🤖 AI Summary
This work addresses the challenge of efficiently generating privacy-preserving synthetic data that faithfully captures high-dimensional real-world distributions. The authors propose a lightweight approach based on fully connected neural networks combined with a randomized loss function, eliminating the need for complex architectures. By mapping Gaussian noise onto the data manifold, the method achieves high fidelity while substantially accelerating generation.
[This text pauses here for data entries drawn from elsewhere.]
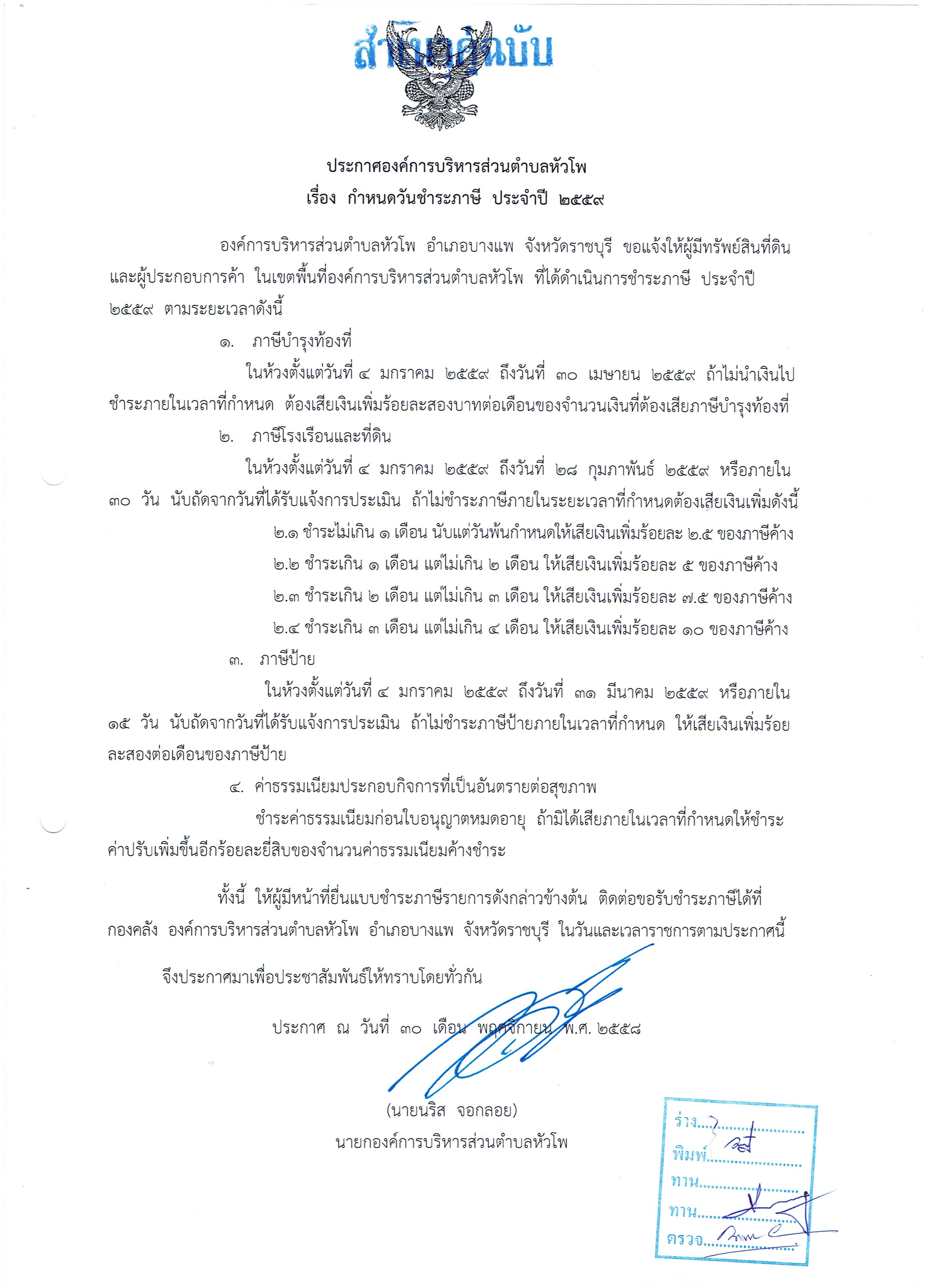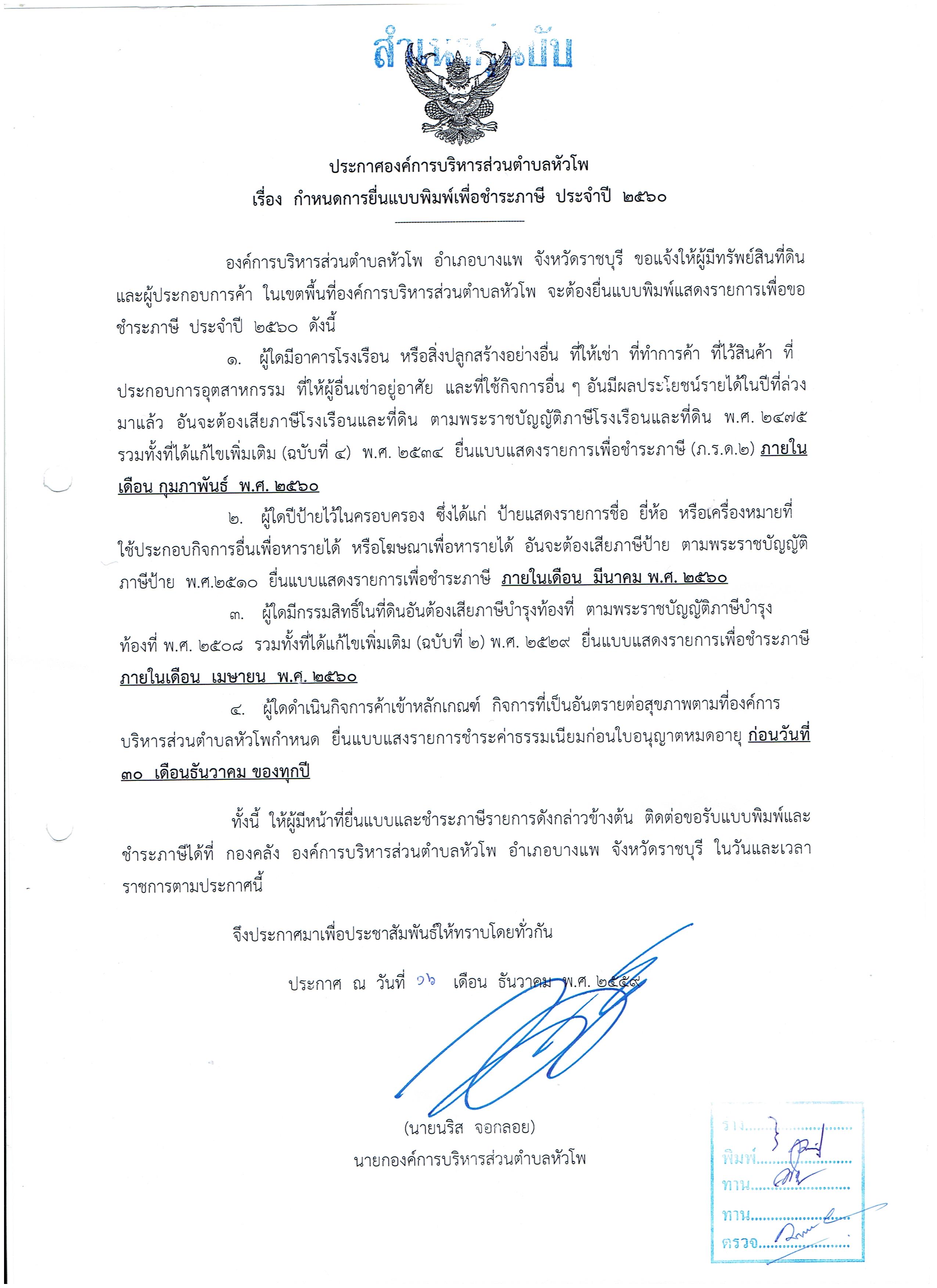ช่องทางการติดต่อ องค์การบริหารส่วนตำบลหัวโพ
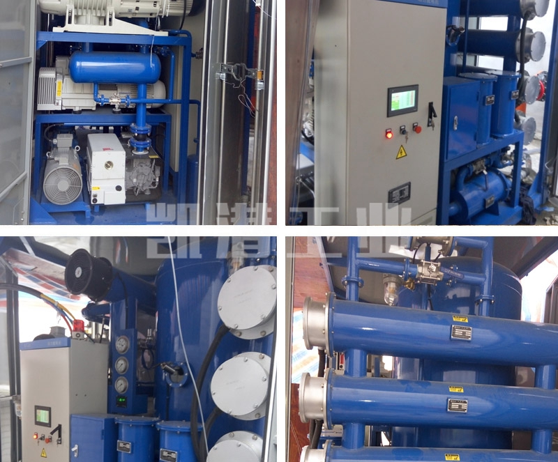 110KV-330KV的變壓器絕緣油凈化處理可以達(dá)到乙炔值水分為零,無雜質(zhì)污染,提升油的使用周期,也適用于高等級新油,進(jìn)口油的深度處理,本機增加了羅茨泵增壓系統(tǒng),二次高真空分離系統(tǒng),三維立體閃急快速蒸發(fā)系統(tǒng),其脫水、脫氣、脫乙炔、、除酸值、脫除游離炭等,處理后油極限耐壓值更高,既可作濾油使用。也可作為獨立真空源對變壓器設(shè)備進(jìn)行真空干燥注油功能。
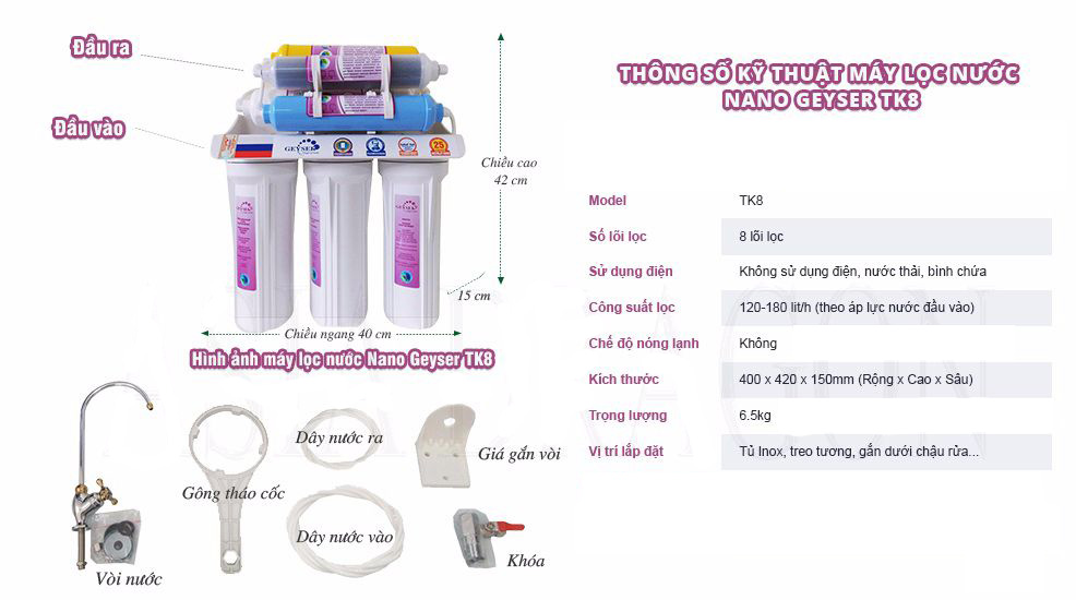 Máy lọc nước Nano Geyser TK8 là một trong những dòng máy đầu tiên của Geyser, đánh dấu sự phát triển về công nghệ lọc nước nano tại Việt Nam (công nghệ vật liệu lọc Aragon 4in1 nhập khẩu LB Nga được cấp bằng phát minh sáng chế ), được rất nhiều gia đình sử dụng để lọc nước nấu, uống với mức giá thành hợp lý, chất lượng đảm bảo, sử dụng cho nguồn nước máy sinh hoạt.
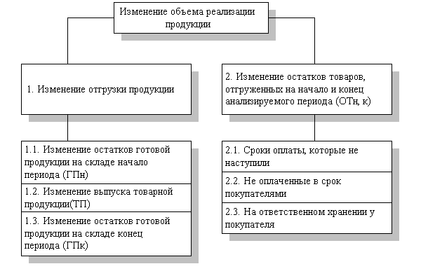 Анализ реализации продукции проводят каждый месяц, квартал, полугодие, год. В процессе его проведения сравнивают фактические данные с плановыми и предшествующим периодом. Рассчитывают процент выполнения плана, абсолютное отклонение от плана, темпы роста и прироста. На изменение объема реализации влияют многочисленные факторы (рис.1). Для анализа выполнения плана по объему реализации продукции составляется баланс ТП в двух оценках: по себестоимости и по отпускным ценам. Балансовое управление имеет вид:

Extensive experiments across 25 real-world tabular datasets demonstrate that the proposed technique attains state-of-the-art performance in terms of Maximum Mean Discrepancy (MMD), offers several orders of magnitude speedup in synthesis time, and effectively supports downstream classification tasks—successfully balancing privacy preservation, data fidelity, and computational efficiency.
📝 Abstract
The use of synthetic data in machine learning applications and research offers many benefits, including performance improvements through data augmentation, privacy preservation of original samples, and reliable method assessment with fully synthetic data. This work proposes a time-efficient synthetic data generation method based on a fully connected neural network and a randomized loss function that transforms a random Gaussian distribution to approximate a target real-world dataset. The experiments conducted on 25 diverse tabular real-world datasets confirm that the proposed solution surpasses the state-of-the-art generative methods and achieves reference MMD scores orders of magnitude faster than modern deep learning solutions. The experiments involved analyzing distributional similarity, assessing the impact on classification quality, and using PCA for dimensionality reduction, which further enhances data privacy and can boost classification quality while reducing time and memory complexity.